Li Yunsong, Cao Pengkai, Zhu Tianyi, Wang Yaqi, Wang Fengkai, Li Liang, Liu Xiangdong, Zhang Yanrong
Department of Vascular Surgery, the Third Hospital of Hebei Medical University, Shijiazhuang, 050051, Hebei, P.R. China.
Department of Clinical Laboratory, the Third Hospital of Hebei Medical University, Shijiazhuang, 050051, Hebei, P.R. China.
BMC Surg. 2024 Dec 31;24(1):426. doi: 10.1186/s12893-024-02724-5.
This retrospective cohort study aimed to identify factors associated with preoperative deep venous thrombosis (DVT) in elderly patients with femoral neck fractures, and to investigate whether combining these factors could improve the ability to predict DVT.

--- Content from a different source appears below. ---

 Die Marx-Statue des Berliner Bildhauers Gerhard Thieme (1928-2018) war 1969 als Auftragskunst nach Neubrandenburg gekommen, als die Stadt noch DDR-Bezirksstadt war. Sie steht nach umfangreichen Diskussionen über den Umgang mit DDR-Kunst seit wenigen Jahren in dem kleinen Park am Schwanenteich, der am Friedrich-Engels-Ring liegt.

Medical records and laboratory test results were reviewed patients presenting with a femoral neck fracture and receiving routine chemoprophylaxis for DVT between January 2020 and December 2023 in a tertiary referral, university-affiliated hospital. Preoperative DVT was confirmed by Doppler ultrasound or CT venography. Demographic, injury, comorbidity, and laboratory variables were analyzed using univariate and multivariate approaches. The performance of combined predictive factors was evaluated using receiver operating characteristic (ROC) curve analysis.

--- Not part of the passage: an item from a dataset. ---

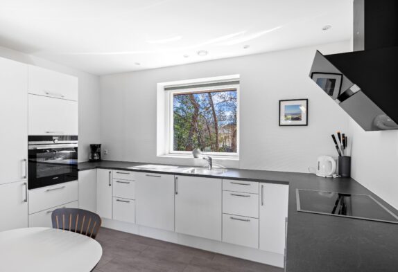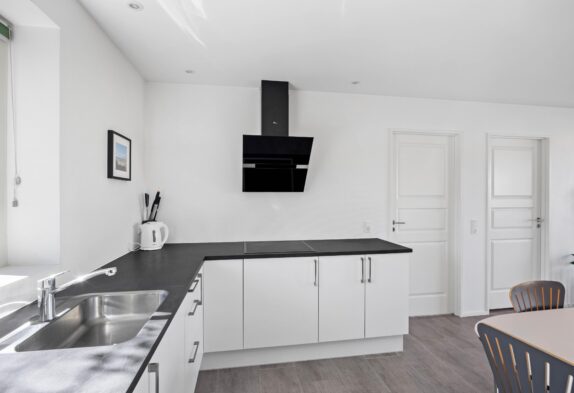 Her kan 6 personer bo dejligt på 90 m2, fordelt på soveværelset med dobbeltseng og 2 værelser med to enkeltsenge, en åbenplansløsning med stue og køkken i ét samt et badeværelse med gulvvarme. Feriehuset har en opvaskemaskine, vaskemaskine og tørretumbler, så er det nemt at holde ferie – især for småbørnsfamilien.

Among the 499 patients included, 47 (9.4%) were diagnosed with a preoperative DVT. In the univariate analysis, five variables were found to be statistically significant, including alcohol consumption (P = 0.017), history of renal disease (P < 0.001), elevated D-dimer level (both traditional and age-adjusted cut-off used) (P = 0.007 or < 0.003), increased platelet distribution width (PDW) (P < 0.001) and reduced albumin in continuous or categorical variable (P = 0.027, P = 0.002). Multivariate analysis confirmed all except alcohol consumption as independent predictors (all P < 0.05). ROC curve analysis showed that combining these four significant variables with age improved the ability to predict preoperative DVT, with an area under the curve of 0.749 (95% CI: 0.676-0.822, P < 0.001), sensitivity of 0.617, and specificity of 0.757.

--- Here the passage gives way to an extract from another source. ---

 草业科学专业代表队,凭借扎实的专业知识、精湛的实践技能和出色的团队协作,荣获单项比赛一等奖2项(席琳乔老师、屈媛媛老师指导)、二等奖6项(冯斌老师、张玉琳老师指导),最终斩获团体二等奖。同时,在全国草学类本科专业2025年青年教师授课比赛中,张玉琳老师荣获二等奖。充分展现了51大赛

This study identified several factors associated with preoperative DVT, and combining them demonstrated improved performance in predicting DVT, which can facilitate risk assessment, stratification and improved management in clinical practice.
这项回顾性队列研究旨在确定老年股骨颈骨折患者术前深静脉血栓形成(DVT)的相关因素,并探讨合并这些因素是否能提高预测DVT的能力。
回顾了2020年1月至2023年12月在一家三级转诊的大学附属医院就诊并接受DVT常规化学预防的股骨颈骨折患者的病历和实验室检查结果。术前DVT通过多普勒超声或CT静脉造影确诊。使用单变量和多变量方法分析人口统计学、损伤、合并症和实验室变量。使用受试者操作特征(ROC)曲线分析评估联合预测因素的性能。
在纳入的499例患者中,47例(9.4%)被诊断为术前DVT。单变量分析发现五个变量具有统计学意义,包括饮酒(P = 0.017)、肾脏疾病史(P < 0.001)、D - 二聚体水平升高(使用传统和年龄调整临界值)(P = 0.007或< 0.003)、血小板分布宽度(PDW)增加(P < 0.001)以及连续或分类变量中白蛋白降低(P = 0.027,P = 0.002)。多变量分析确认除饮酒外所有因素均为独立预测因素(所有P < 0.05)。ROC曲线分析表明,将这四个显著变量与年龄相结合可提高预测术前DVT的能力,曲线下面积为0.749(95% CI:0.676 - 0.822,P < 0.001),敏感性为0.617,特异性为0.757。
本研究确定了几个与术前DVT相关的因素,将它们结合起来在预测DVT方面表现出更好的性能,这有助于临床实践中的风险评估、分层和改善管理。